Sutcliffe's Commentary on the Old and New TestamentsSutcliffe's Commentary

Verses 1-30

Job 22:5 . Is not thy wickedness great? This speech of Eliphaz is cruel, and very much embittered; for it was mere suspicion that Job had robbed the widow, and stripped the naked. Job replies to it more fully in chap. 29., especially with regard to the widow and the destitute.

Job 22:7 . Thou hast not given water to the weary, to the traveller, when he and his beasts were fainting with thirst, in a dry and parched land. Withholding water in such a case was reckoned a cruelty of the worst description.

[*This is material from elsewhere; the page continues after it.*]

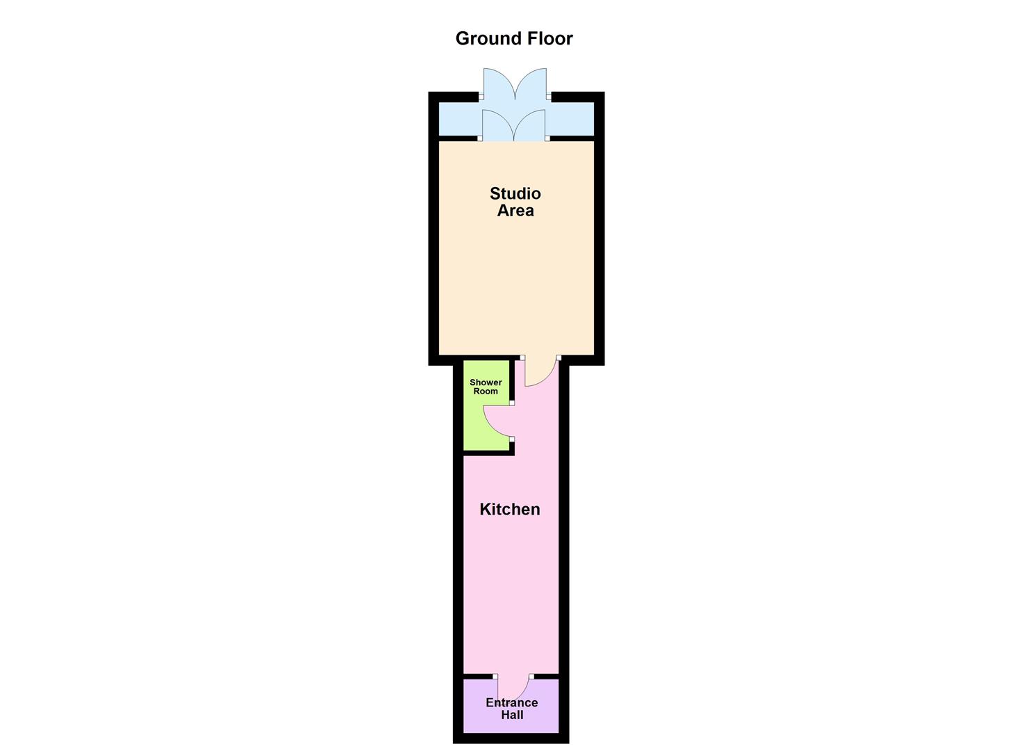 Studio area, radiator, part paneled walls, double doors leading to porch area then further doors leading to your courtyard.

Job 22:15-16 . Wicked men whose foundation was overflown with a flood, in the days of Noah. The general succession of biblical critics are agreed on this reference, which is more fully noted in Job 26:5.

Job 22:30 . He shall deliver the island of the innocent. What island? The Hebrew is obscure. The LXX read, “He shall deliver the innocent, and save thee because of the purity of thy hands.” Eliphaz thought that Job might yet regain perfect rectitude.

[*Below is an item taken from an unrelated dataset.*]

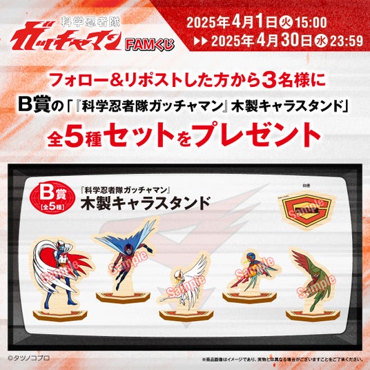 期間中に「FAMくじオンライン」の公式Xアカウント(@FAMKUJI_ONLINE)をフォローし、キャンペーン投稿をリポストすることで、抽選で3名様にB賞の「『科学忍者隊ガッチャマン』木製キャラスタンド全5種セット」をプレゼントいたします。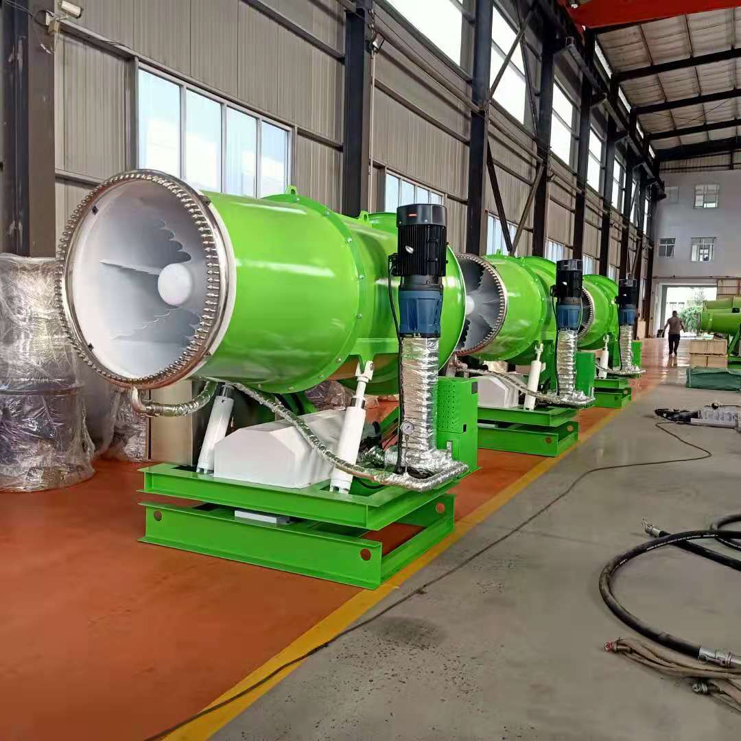 除塵霧炮機的 點是功率強,射程遠,覆蓋面積大,能夠實現定量定時噴霧,工作效率高,噴灑速度快。在對容易引起粉塵的區域進行噴霧時,與空氣中的粉塵顆粒容易相互吸附,形成潮濕霧狀體,可以快速將粉塵降落在地面。風送式發電機組除塵噴霧機,動力比較靈活,能夠使用380V市電,也可以用柴油發電機組提供動力,即使在郊外作業也無需發愁。霧炮機使用安裝靈活,有固定式和移動式。固定式霧炮機可以安裝在混泥土建筑的平臺上和高塔架上。需要移動時可以安裝在電動三輪車,牽引車,載貨車上,可以邊行駛邊操作牽引式霧炮機的耗水量要比其他抑塵設備節約一半以上,并且水霧覆蓋的面積 大,效果 。

“My goodness extendeth not unto thee, but to the saints that are in the earth.” Eliphaz, by pleading for the poor, cuts Job to the quick; for the aged and the sick have a right to bread, the earth being the Lord’s. Religion is love, and charity is the first fruit of love. But before he pierced his friend with those deep wounds, he should have been sure that he was guilty. The angels are afraid of railing accusations.

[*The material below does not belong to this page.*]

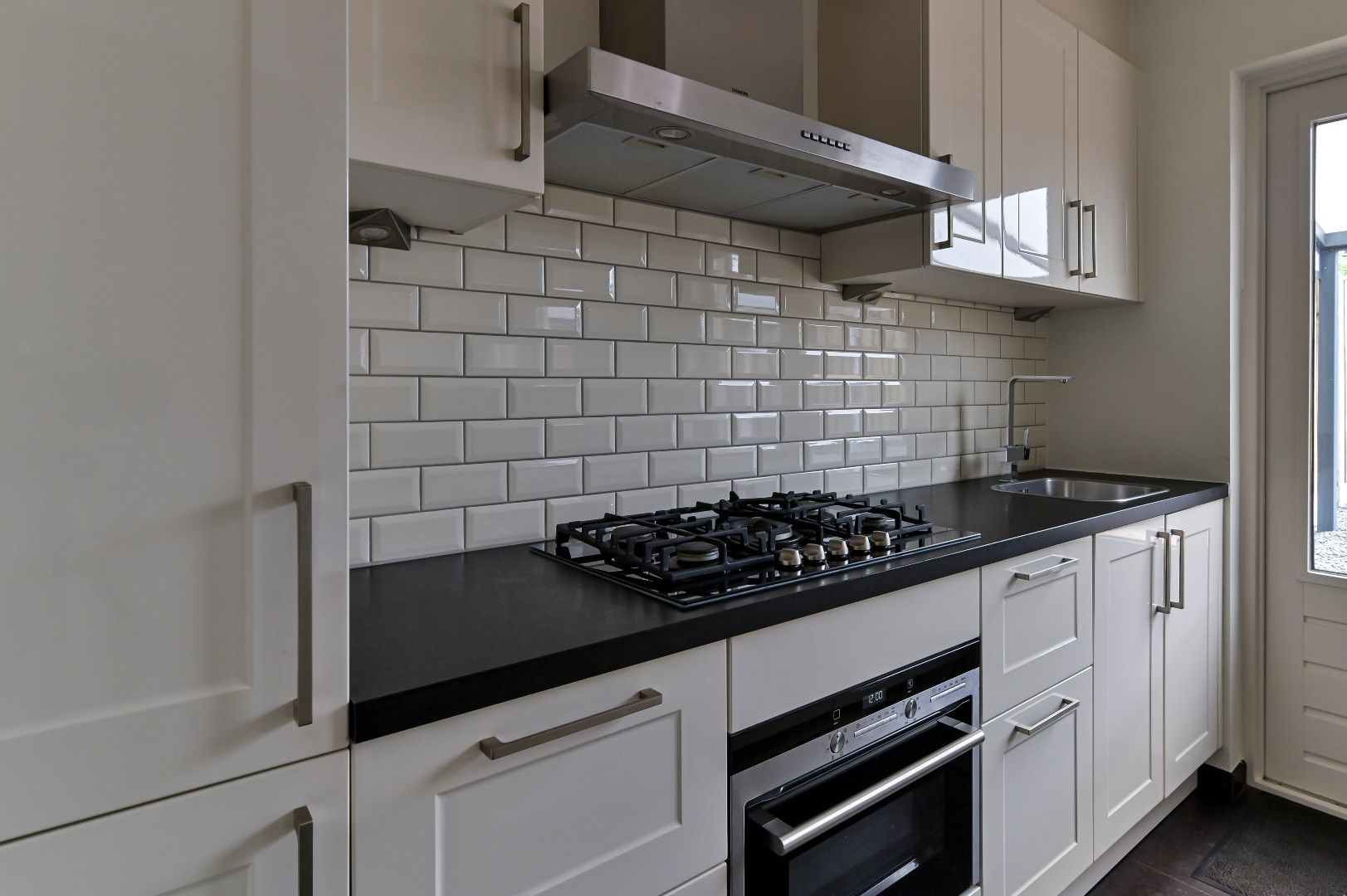 Begane grond: entree met garderobe, meterkast, trapkast en keramische tegelvloer met vloerverwarming. Betegeld zwevend toilet met fonteintje (2014). Ruime woonkamer open keuken beide eveneens voorzien van keramische tegelvloer met vloerverwarming en spachtelputz wanden. De woonkamer is voorzien van airco (2023) en schuifpui naar overdekt terras. Moderne witte hoogglans keuken (2013) met schiereiland/bar, spoelbak en inbouwapparatuur zoals: koelkast, diepvries, 5-pits gaskookplaat, afzuigkap, combi-magnetron en vaatwasser. Vanuit de keuken is het overdekt terras eveneens bereikbaar.

The next argument of Eliphaz is founded on the deluge of Noah, which happened when the earth was in the greatest prosperity. “Hast thou marked the way of wicked men, whose foundations were overflown with the flood?” Oh what a time to an atheistical and epicurean world! They scoffed at the ark, and filled up the measure of their sins. The finest day turned black with rain and tempest, never known before, and the rising tides on gaining the hills washed them away, blaspheming against God, and cursing their seducers to atheism and crimes. Take heed, oh infidel christian age, for those thunderbolts of Jehovah are for the warning of posterity. From these awful characters of God, in his longsuffering goodness in the days of Noah, in his great mercy and faithfulness to that patriarch, and in his righteous vengeance on the wicked, we may learn what are his moral perfections, as discovered in the government of the world. Let us therefore aim at a life conformable to his laws, to become acquainted with the glorious person and offices of Christ, and with his work of regeneration: “for this is life eternal, to know thee the only true God, and Jesus Christ whom thou hast sent.”